== Activity ==
Print the data verbatim. Leave every image out.

====== Provided data

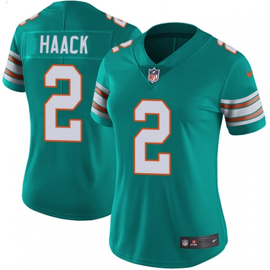 Women's Nike Miami Dolphins #2 Matt Haack Aqua Green Alternate Vapor Untouchable Limited Player NFL Jersey
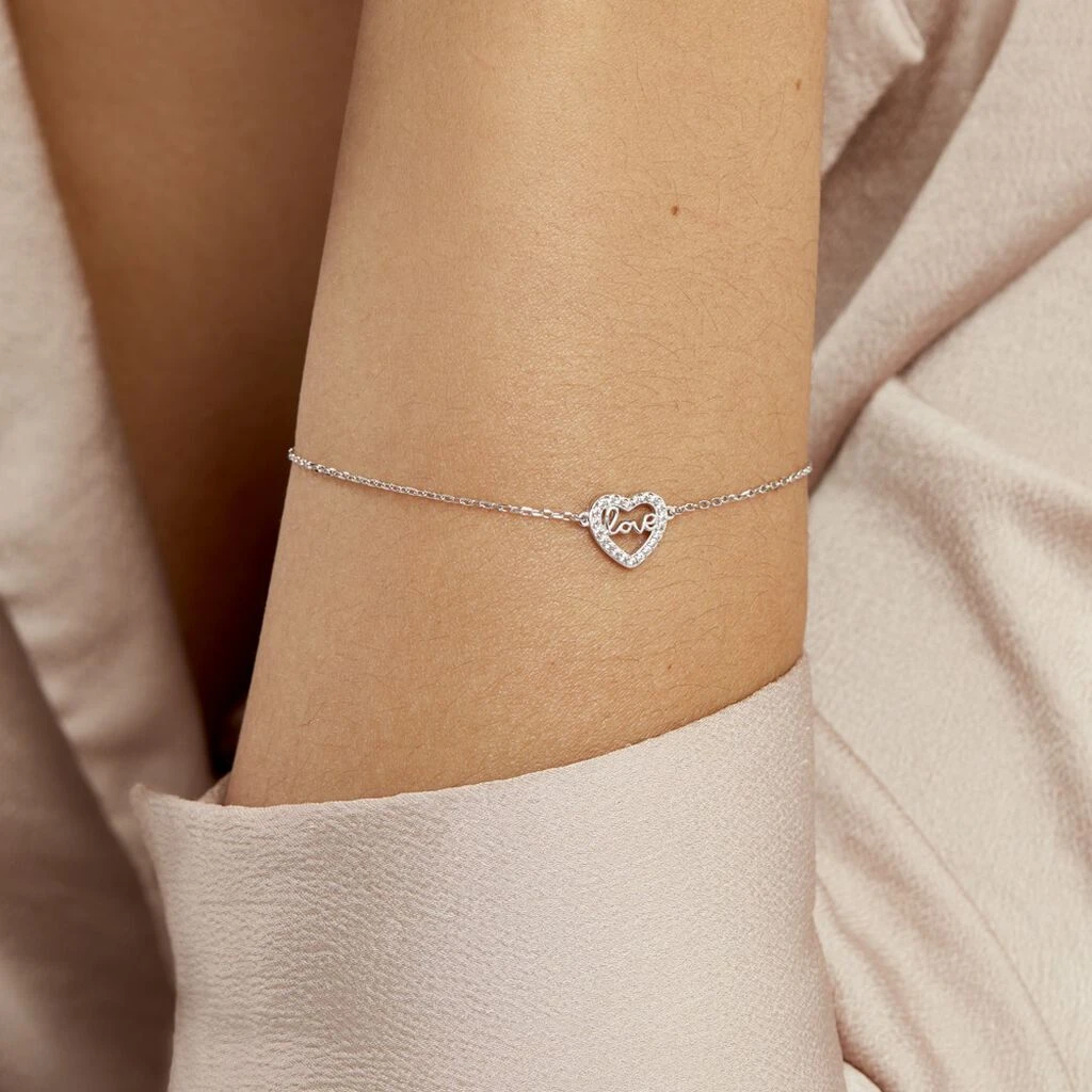 Bracelet Argent Blanc 925/1000 Motif Cœur Pave Oxydes De Zirconium + Ecriture Love 18cm
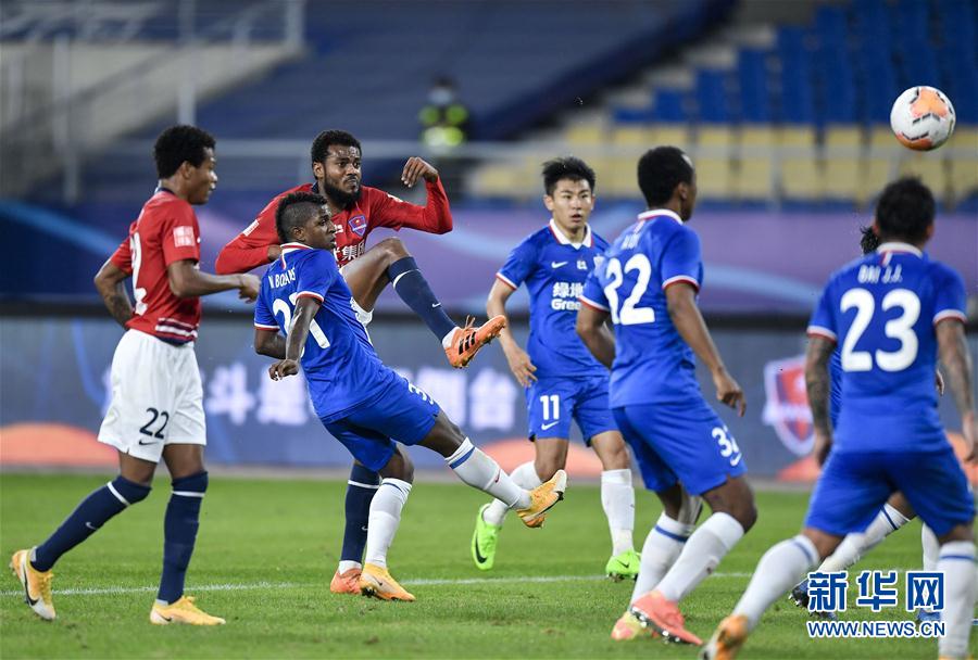10月27日,重庆当代队球员西里诺(左三)在比赛中射门。 当日,在2020赛季中国足球协会超级联赛(苏州赛区)第17轮比赛中,上海绿地申花队以3比1战胜重庆当代队。 新华社记者 许畅 摄
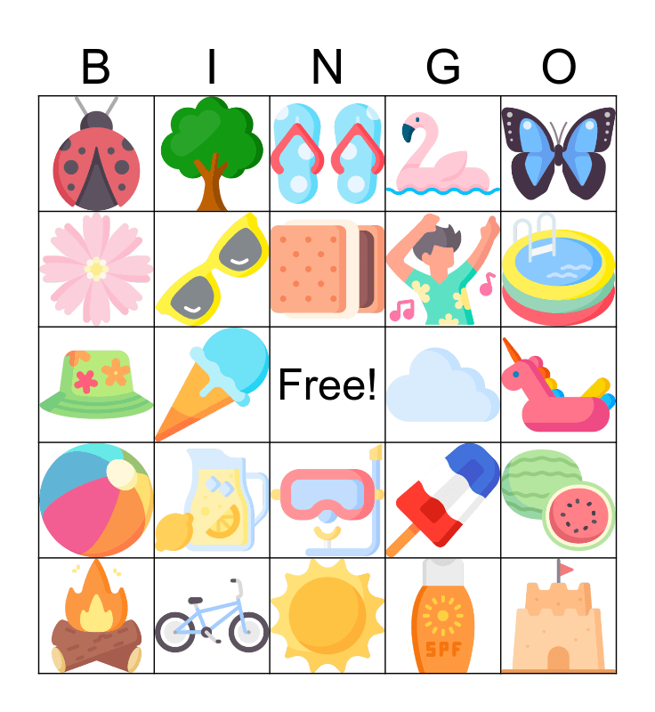This bingo card has 24 images and a free space.
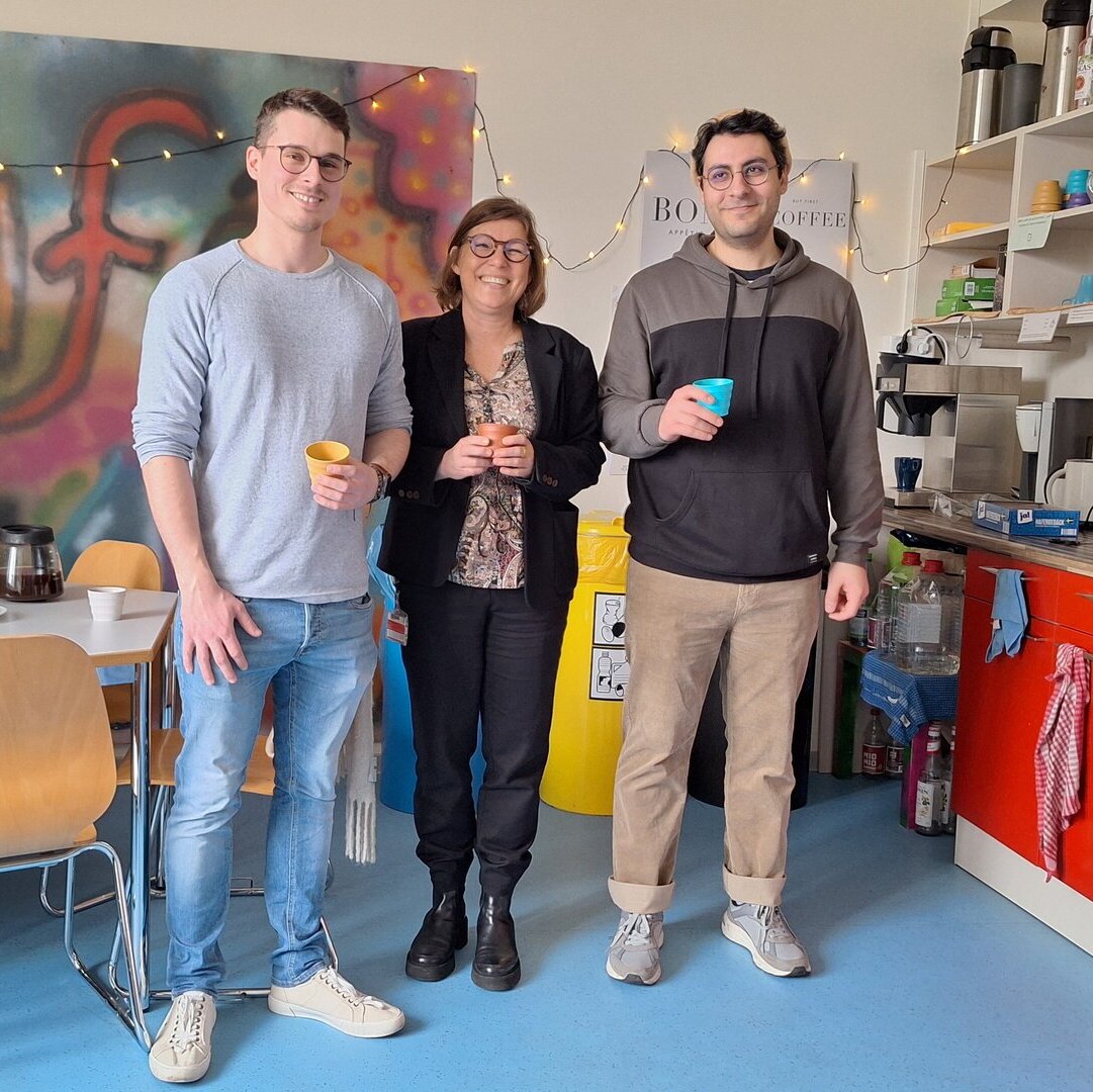 Prof. Dr. Beate Langer testet zusammen mit Mervan Haji (rechts) und Eduard Putsch (Produktionsleiter der Firma Exipnos) die Beschaffenheiit von Bechern aus biobasiertem und bioabbaubarem Kunststoff

============

== Solution ==
 Women's Nike Miami Dolphins #2 Matt Haack Aqua Green Alternate Vapor Untouchable Limited Player NFL Jersey
 Bracelet Argent Blanc 925/1000 Motif Cœur Pave Oxydes De Zirconium + Ecriture Love 18cm
10月27日,重庆当代队球员西里诺(左三)在比赛中射门。 当日,在2020赛季中国足球协会超级联赛(苏州赛区)第17轮比赛中,上海绿地申花队以3比1战胜重庆当代队。 新华社记者 许畅 摄
This bingo card has 24 images and a free space.
 Prof. Dr. Beate Langer testet zusammen mit Mervan Haji (rechts) und Eduard Putsch (Produktionsleiter der Firma Exipnos) die Beschaffenheiit von Bechern aus biobasiertem und bioabbaubarem Kunststoff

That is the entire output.